Yang Yue
Publications
Structurally Aligned Subtask-Level Memory for Software Engineering Agents
Large Language Models (LLMs) have demonstrated significant potential as autonomous software engineering (SWE) agents. Recent work has further explored augmenting these agents with memory mechanisms to support long-horizon reasoning. However, these approaches typically operate at a coarse instance granularity, treating the entire problem-solving episode as the atomic unit of storage and retrieval. We empirically demonstrate that instance-level memory suffers from a fundamental granularity mismatch, resulting in misguided retrieval when tasks with similar surface descriptions require distinct reasoning logic at specific stages. To address this, we propose Structurally Aligned Subtask-Level Memory, a method that aligns memory storage, retrieval, and updating with the agent's functional decomposition. Extensive experiments on SWE-bench Verified demonstrate that our method consistently outperforms both vanilla agents and strong instance-level memory baselines across diverse backbones, improving mean Pass@1 over the vanilla agent by +4.7 pp on average (e.g., +6.8 pp on Gemini 2.5 Pro). Performance gains grow with more interaction steps, showing that leveraging past experience benefits long-horizon reasoning in complex software engineering tasks.

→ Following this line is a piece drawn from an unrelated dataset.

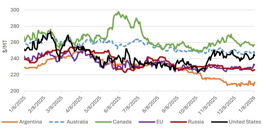 Цены на аргентинскую пшеницу также незначительно поднялись, но остаются самыми низкими по сравнению с другими странами. В связи с обильным урожаем пшеницы в Аргентине и ослаблением конкуренции со стороны черноморских поставщиков аргентинские власти снизили экспортные пошлины на вывоз пшеницы из страны. Из-за чего котировки аргентинской пшеницы стали самыми низкими на мировом рынке. Эксперты FAS USDA предрекают Аргентине самые высокие показатели экспорта и торговли пшеницей в сезоне 2025/26 МГ на фоне ослабления вывозных пошлин на эту культуру.
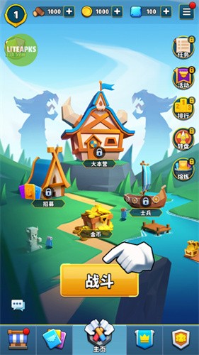 1、进入岛屿战争游戏,选择游客登录,之后便来到的游戏主界面,在主页位置处,点击战斗便可开始关卡挑战,具体的操作点击海面派遣部队。

CVE-Factory: Scaling Expert-Level Agentic Tasks for Code Security Vulnerability
Evaluating and improving the security capabilities of code agents requires high-quality, executable vulnerability tasks. However, existing works rely on costly, unscalable manual reproduction and suffer from outdated data distributions. To address these, we present CVE-Factory, the first multi-agent framework to achieve expert-level quality in automatically transforming sparse CVE metadata into fully executable agentic tasks. Cross-validation against human expert reproductions shows that CVE-Factory achieves 95\% solution correctness and 96\% environment fidelity, confirming its expert-level quality. It is also evaluated on the latest realistic vulnerabilities and achieves a 66.2\% verified success. This automation enables two downstream contributions. First, we construct LiveCVEBench, a continuously updated benchmark of 190 tasks spanning 14 languages and 153 repositories that captures emerging threats including AI-tooling vulnerabilities. Second, we synthesize over 1,000 executable training environments, the first large-scale scaling of agentic tasks in code security. Fine-tuned Qwen3-32B improves from 5.3\% to 35.8\% on LiveCVEBench, surpassing Claude 4.5 Sonnet, with gains generalizing to Terminal Bench (12.5\% to 31.3\%). We open-source CVE-Factory, LiveCVEBench, Abacus-cve (fine-tuned model), training dataset, and leaderboard. All resources are available at https://github.com/livecvebench/CVE-Factory .
Kimi K2.5: Visual Agentic Intelligence
We introduce Kimi K2.5, an open-source multimodal agentic model designed to advance general agentic intelligence. K2.5 emphasizes the joint optimization of text and vision so that two modalities enhance each other. This includes a series of techniques such as joint text-vision pre-training, zero-vision SFT, and joint text-vision reinforcement learning. Building on this multimodal foundation, K2.5 introduces Agent Swarm, a self-directed parallel agent orchestration framework that dynamically decomposes complex tasks into heterogeneous sub-problems and executes them concurrently. Extensive evaluations show that Kimi K2.5 achieves state-of-the-art results across various domains including coding, vision, reasoning, and agentic tasks. Agent Swarm also reduces latency by up to $4.5\times$ over single-agent baselines. We release the post-trained Kimi K2.5 model checkpoint to facilitate future research and real-world applications of agentic intelligence.
From Biased Chatbots to Biased Agents: Examining Role Assignment Effects on LLM Agent Robustness
Large Language Models (LLMs) are increasingly deployed as autonomous agents capable of actions with real-world impacts beyond text generation. While persona-induced biases in text generation are well documented, their effects on agent task performance remain largely unexplored, even though such effects pose more direct operational risks. In this work, we present the first systematic case study showing that demographic-based persona assignments can alter LLM agents' behavior and degrade performance across diverse domains. Evaluating widely deployed models on agentic benchmarks spanning strategic reasoning, planning, and technical operations, we uncover substantial performance variations - up to 26.2% degradation, driven by task-irrelevant persona cues. These shifts appear across task types and model architectures, indicating that persona conditioning and simple prompt injections can distort an agent's decision-making reliability. Our findings reveal an overlooked vulnerability in current LLM agentic systems: persona assignments can introduce implicit biases and increase behavioral volatility, raising concerns for the safe and robust deployment of LLM agents.